Data to process.
______

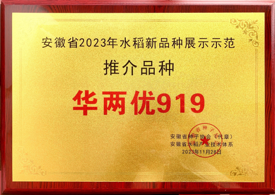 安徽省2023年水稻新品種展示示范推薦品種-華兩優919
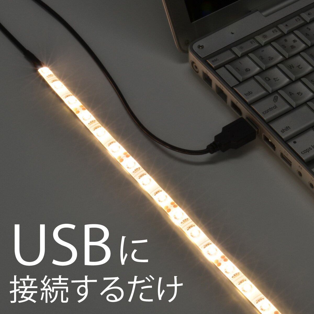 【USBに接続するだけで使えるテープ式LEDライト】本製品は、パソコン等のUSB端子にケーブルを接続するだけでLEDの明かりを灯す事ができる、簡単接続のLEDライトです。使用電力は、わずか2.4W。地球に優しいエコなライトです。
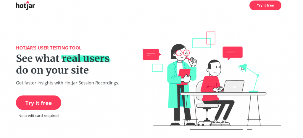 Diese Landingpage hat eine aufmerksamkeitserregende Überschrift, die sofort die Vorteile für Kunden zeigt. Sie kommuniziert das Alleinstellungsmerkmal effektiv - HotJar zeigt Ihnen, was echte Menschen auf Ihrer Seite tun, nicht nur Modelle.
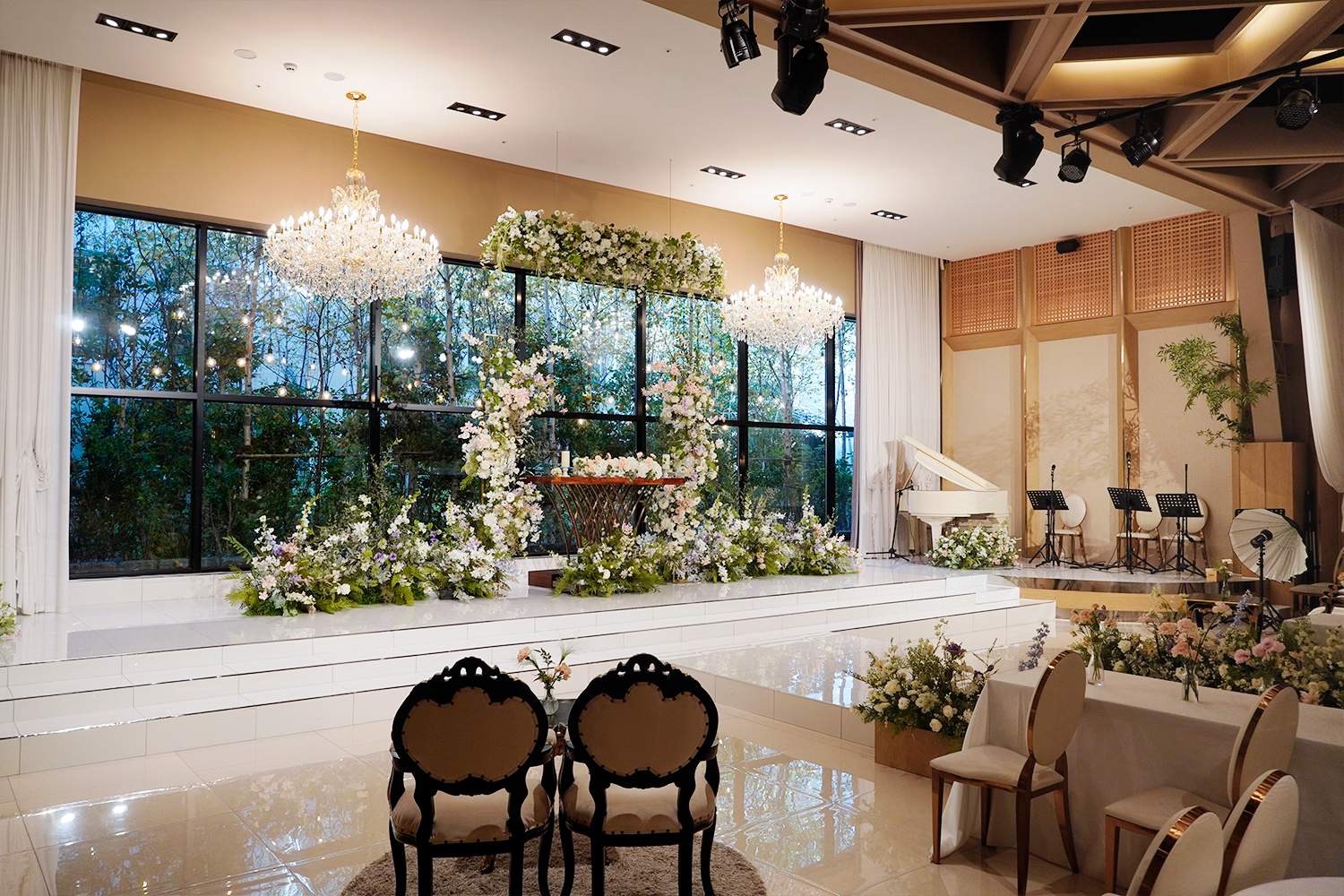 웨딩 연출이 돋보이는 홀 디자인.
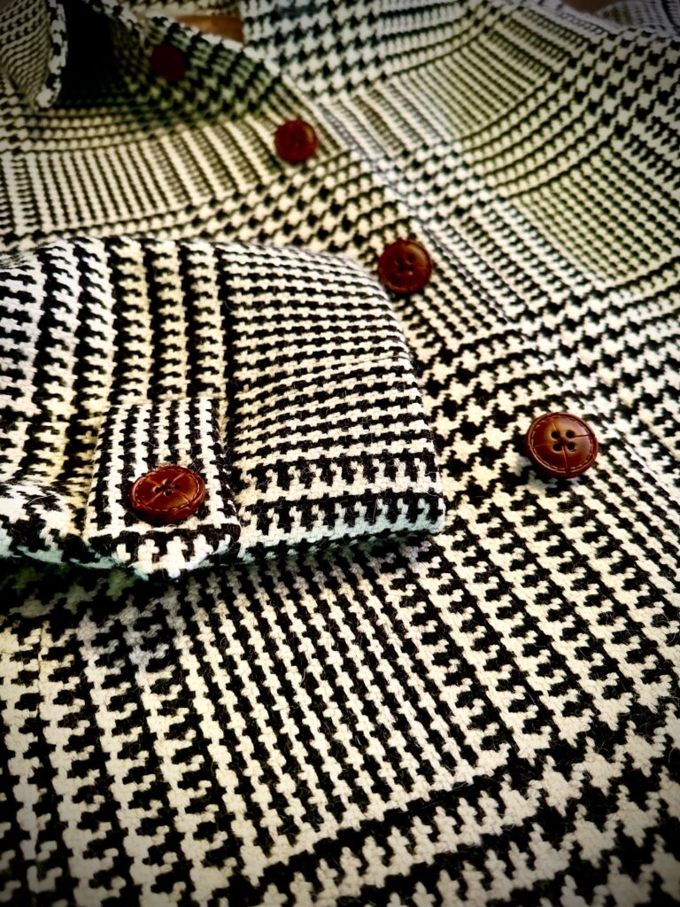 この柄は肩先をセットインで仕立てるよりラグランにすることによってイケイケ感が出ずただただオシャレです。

______

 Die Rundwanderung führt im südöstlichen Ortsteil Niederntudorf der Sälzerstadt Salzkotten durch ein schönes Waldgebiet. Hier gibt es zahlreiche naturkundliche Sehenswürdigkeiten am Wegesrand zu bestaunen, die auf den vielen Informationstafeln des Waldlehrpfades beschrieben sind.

______

About this task. Quote the lines above exactly, starting with the one that has "安徽省2023年水稻新品種展示示范推薦品種-華兩優919" and ending with the one that has "この柄は肩先をセットインで仕"; drop the pictures and include nothing else.

Solution to the problem.
 安徽省2023年水稻新品種展示示范推薦品種-華兩優919
 【USBに接続するだけで使えるテープ式LEDライト】本製品は、パソコン等のUSB端子にケーブルを接続するだけでLEDの明かりを灯す事ができる、簡単接続のLEDライトです。使用電力は、わずか2.4W。地球に優しいエコなライトです。
 Diese Landingpage hat eine aufmerksamkeitserregende Überschrift, die sofort die Vorteile für Kunden zeigt. Sie kommuniziert das Alleinstellungsmerkmal effektiv - HotJar zeigt Ihnen, was echte Menschen auf Ihrer Seite tun, nicht nur Modelle.
 웨딩 연출이 돋보이는 홀 디자인.
 この柄は肩先をセットインで仕立てるよりラグランにすることによってイケイケ感が出ずただただオシャレです。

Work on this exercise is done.